With all this insightful information at hand, it is natural to raise the question whether there may exist other, possibly more sophisticated, types of symmetry restrictions that could give birth to yet undisclosed anomalous emergent macroscopic laws of physics. The goal of the adapted proposal is to examine a number of promising candidates. I thereby propose to systematically study a variety of analytically tractable models, as detailed out in the original proposal. There I have compiled a list of interacting quantum many-body systems subjected to various forms of symmetries and elaborated why they can plausibly accommodate for unconventional physical properties (such as, for example, lack of thermalization, anomalous transport laws or anomalous fluctuations of macroscopic quantities), or perhaps even entirely new features.
Specifically, there are three distinct profound algebraic notions that lie at the heart of this proposal: (i) supersymmetry, (ii) Yangian symmetry and (iii) conformal symmetry in two space-time dimensions.
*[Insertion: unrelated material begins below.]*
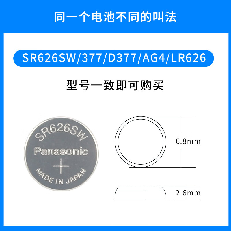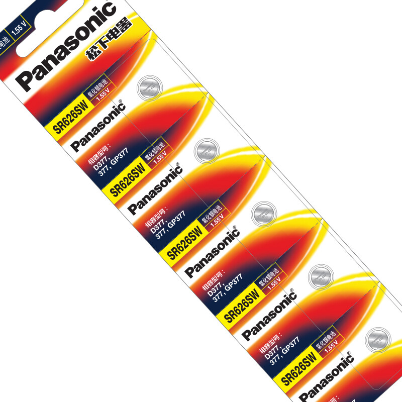 松下(Panasonic)SR626/377/AG4手表电池氧化银进口纽扣电池1.55V适用于石英手表电子手表等SR626SW 五粒

These are fairly well-known paradigms in theoretical physics, all of which have drawn a substantial amount of interest in the past, despite largely confined to the high-energy communities. There is nevertheless currently merely a handful of applications in the realm of condensed matter systems at best, while virtually nothing is known about their behavior out of equilibrium. For instance, physical implications of supersymmetry exhibited by certain fermionic systems on a one-dimensional lattice have not been yet systematically explored. Likewise, integrable models that exhibit long-range interactions and give birth to quasiparticles carrying fractionalized charges that obey semionic statistics have mostly been studied only at a formal level, without any notable physics applications. Besides partially filling this gap, one of the central objectives of this adapted research proposal is to advance our present empirical and analytical understanding of non-ergodic strongly-correlated quantum dynamical systems from the microscopic viewpoint. This will be achieved by employing a combination of powerful exact and approximate analytical techniques and rigorous tools of integrability theory. As an independent and complementary approach, the plan is also to devise and implement efficient tools for performing numerical simulations based on suitable lattice discretizations.